微かに鐘の音が聞こえる。これは近くのマール村の寺院で鳴らされている、終課(約午後九時頃)の鐘の音。普通の人であれば寝ている時間だ。街道沿いに建つこの宿駅から村までは、約一.五マイル(二.五キロメートル)の長さの村道分の距離があるが、両者の間は、背の低い木々と畑で隔てられているだけのため、余程酒場が騒がしくなければ十分に鐘の音を耳にすることが出来る。二人が二階へ続く階段を上がり始めると、店主がすぐにランプの火を消した。
あてがわれた部屋の前まで来ると、エリィはストラグルを振り向いて、
「何かしてきたら殺すからな」
「しねえよ! 笑顔で言うなよ! 余計恐いよ!」
翌朝、東の空がようやく明るくなってきた頃、讃課の鐘(約午前三時)と一時課の鐘(約午前六時)のちょうど中間ほどの時刻に、エリィは目を覚ました。隣のベッドで、まだ気持ちよさそうに寝ているストラグルを見ると、エリィは彼の肩に手を置いて揺すり起こした。
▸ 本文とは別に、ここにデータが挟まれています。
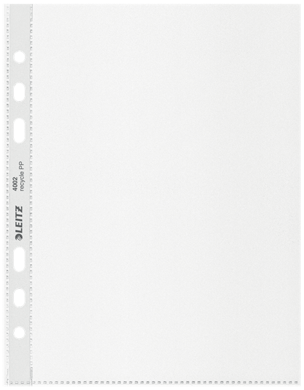 Przyciągające wzrok, najwyższej jakości koszulki na dokumenty A5 przeznaczone są do porządkowania dokumentów w biurze i w domu oraz ich ochrony podczas przenoszenia. Koszulki posiadają perforowany pasek, który służy do wpinania do segregatorów z mechanizmem dźwigniowym oraz ringowych. Wykonane z plastiku w 90% pochodzącego z recyklingu (przedkonsumpcyjnego), audytowane zewnętrznie i certyfikowane przez UL, neutralne dla klimatu dzięki redukcji emisji i kompensacji CO2. W 100% nadają się do ponownego przetworzenia. Te wytrzymałe, praktyczne koszulki z matowej folii groszkowej zapewniają użytkowanie przez długie lata i doskonale pasują do innych produktów z kolekcji Leitz Recycle. Kolekcja nowoczesnych, przyjaznych dla środowiska artykułów biurowych świetnie zaprezentuje się w domu i w biurze. Dzięki przyjaznej dla środowiska linii produktów Recycle oferowanej przez firmę Leitz masz wpływ na poprawę zarówno środowiska biurowego, jak i całej naszej planety.

洗顔を済ませて一階の酒場に入ると、そこには、朝食にありついている数名の宿泊客の姿があった。これから出立を控えているためだろう、酒を飲んでいるものはひとりもおらず、酒場とはいえ現在は普通の食堂という状況。宿駅の朝に普段どおり見られる光景だった。エリィとストラグルも朝食を頼んでテーブル席につく。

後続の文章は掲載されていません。